Data for indicators are obtained from two types of surveys: universe surveys and sample surveys. In universe surveys, information is collected about every member of the population. When data from an entire population are available, estimates of the total population or a subpopulation are made by simply summing the units in the population or subpopulation. As a result, there is no sampling error, and observed differences are reported as true.

Since a universe survey is often expensive and time consuming, many surveys collect more detailed data from a sample of the population of interest (sample survey). For example, the National Assessment of Educational Progress (NAEP) assesses a representative sample of students rather than the entire population of students. When a sample survey is used, statistical uncertainty is introduced, because the data come from only a portion of the entire population. This statistical uncertainty must be considered when reporting estimates and making comparisons.
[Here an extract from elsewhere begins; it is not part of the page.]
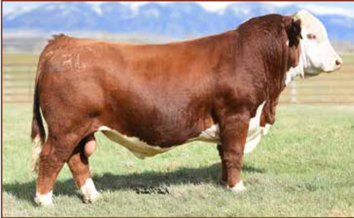
NJW LONG HAUL 36E ET — Service Sire of Lot 7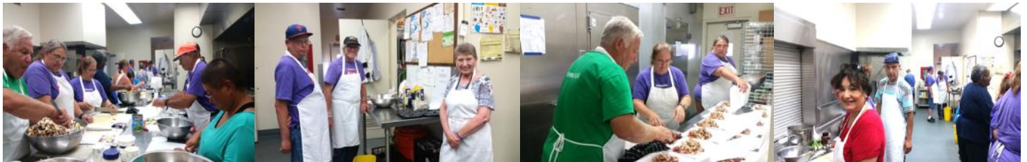
A group of 17 Aktion Club members attended the annual cooking class at the Westside Center, learning to create 7 different dishes including appetizers, salads and desserts.

Various types of statistics derived from universe and sample surveys are reported in the indicators. Many indicators report the size of a population or a subpopulation, and often the size of a subpopulation is expressed as a percentage of the total population. In addition, the average (or mean) value of some characteristic of the population or subpopulation may be reported. The average is obtained by summing the values for all members of the population and dividing the sum by the size of the population.

Standard Errors

Using estimates calculated from data based on a sample of the population requires consideration of several factors before differences in the estimates can be described as meaningful. When using data from a sample, some margin of error will always be present in estimations of characteristics of the total population or subpopulation because the data are available from only a portion of the total population. Consequently, data from samples can provide only an approximation of the true or actual value. The margin of error of an estimate, or the range of potential true or actual values, depends on several factors such as the amount of variation in the responses, the size and representativeness of the sample, and the size of the subgroup for which the estimate is computed. The magnitude of this margin of error is measured by what statisticians call the “standard error” of an estimate.
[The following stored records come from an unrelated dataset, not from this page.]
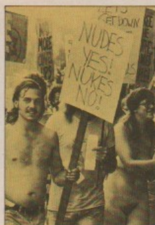
HIGHWITNESS NEWS 35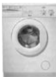
Whirlpool 1000 RPM Washing Machine £198.50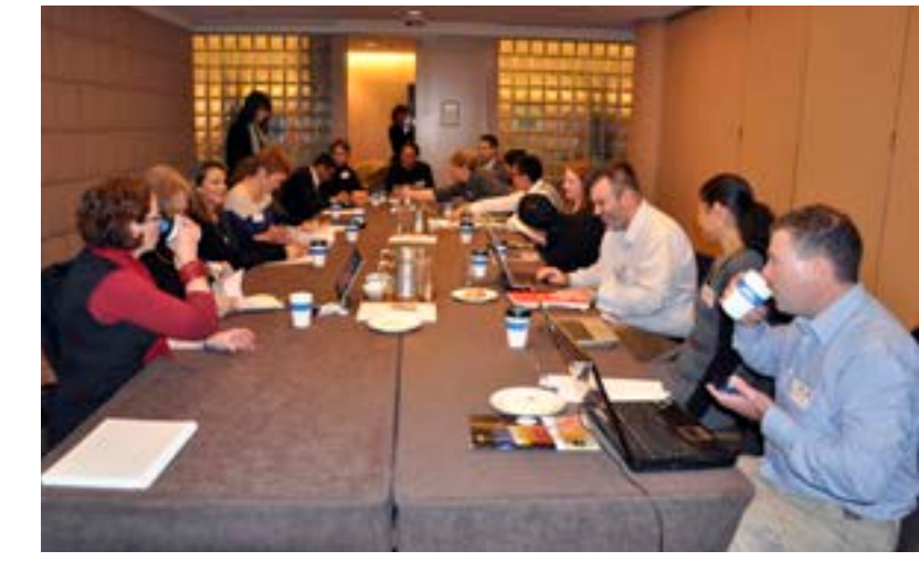
Group work in Group C during the Think Tank

Think Tanks are one of the premier events of the Academy's calendar. The 2012 Think Tank is the eleventh that the Academy has held since 2002.

When data from sample surveys are reported, the standard error is calculated for each estimate. The standard errors for all estimated totals, means, or percentages are reported in the Reference tables.

In order to caution the reader when interpreting findings in the indicators that may be unstable, estimates from sample surveys are flagged with a “!” when the standard error is between 30 and 50 percent of the estimate, and suppressed and replaced with a “‡” when the standard error is 50 percent of the estimate or greater.
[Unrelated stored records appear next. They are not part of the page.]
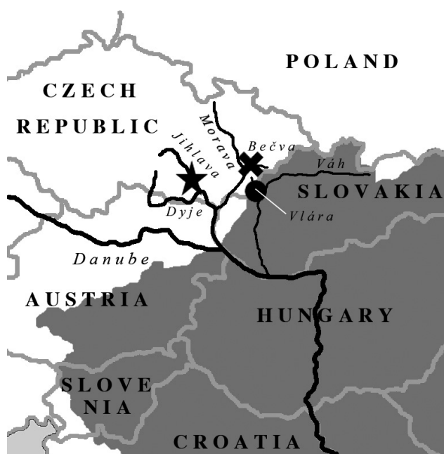
Fig. 2. Distribution of the Balkan spiny loach in and around the Czech Republic. Historical distribution = grey, signs indicate positive localities in the Czech Republic: cross = first finding in the River Bečva in 1943, spot = recent finding (2001) in the River Vlára, asterisk = new finding (2016) in the River Jihlava.

12V) backpack electrofishing gear, pulse amplitude: 200 V PDC, frequency 60 Hz; producer Bednár, Czech Republic; ii/ fishing set – Honda Electric Generator 2 kW, output 230 VAC with control panel BMA PLUS, output voltage (peak level): 300-600V, frequency: 50 Hz; producer Bednár, Czech Republic).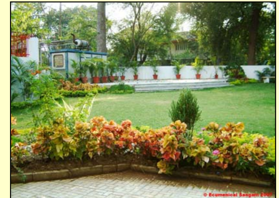
Picturesque garden and landscaped lawn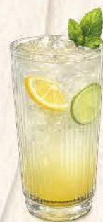
GREEN PLUM SPARKLER 6.5 8.0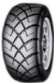
Yokohama A032R List 1B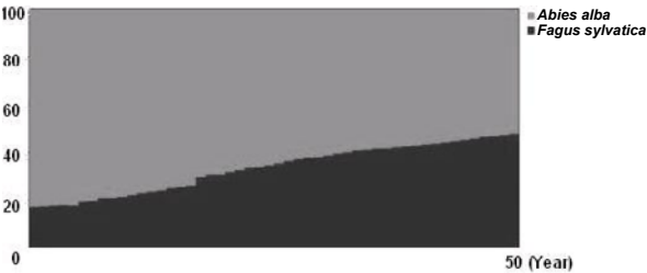
Fig. 4. Changes in the proportion of biomass of tree species in the studied tree stand forecasted by the model FORKOME (X-axis – year of simulation, Y-axis – a proportion of tree species in the biomass).

The analysis of tree stand development within a single patch cannot reflect the full picture of forest development dynamics, which is a larger area consisting of many patches. In such case, more credible results can be obtained with application of cellular automata in the form of CELLAUT model.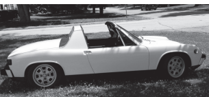
PORSCHE 914 1.8L 1974 49,000 original miles, new sound system, AM/FM/CD/MP3 with remote, 5 new tires, $6,500. Old Town, 469-8013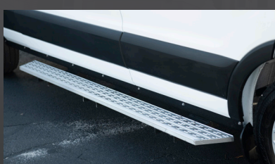
ERGONOMIC RUNNING BOARDS

Data Analysis and Interpretation

When estimates are from a sample, caution is warranted when drawing conclusions about one estimate in comparison to another, or about whether a time series of estimates is increasing, decreasing, or staying the same. Although one estimate may appear to be larger than another, a statistical test may find that the apparent difference between them is not reliably measurable due to the uncertainty around the estimates. In this case, the estimates will be described as having no measurable difference, meaning that the difference between them is not statistically significant. Conversely, statistically significant differences may be referred to as “measurably different” in the text.

For all indicators that report estimates based on samples, differences between estimates are stated only when they are statistically significant. Findings described in this report with comparative language (e.g., higher, lower, increase, and decrease) are statistically significant. To determine whether differences reported are statistically significant, two-tailed t tests at the .05 level are typically used. The t test formula for determining statistical significance is adjusted when the samples being compared are dependent. The t test formula is not adjusted for multiple comparisons. When the variables to be tested are postulated to form a trend, the relationship may be tested using linear regression, logistic regression, or ANOVA trend analysis instead of a series of t tests. These alternate methods of analysis test for specific relationships (e.g., linear, quadratic, or cubic) among variables. For more information on data analysis, please see the NCES Statistical Standards, Standard 5-1, available at https://nces.ed.gov/statprog/2012/pdf/Chapter5.pdf.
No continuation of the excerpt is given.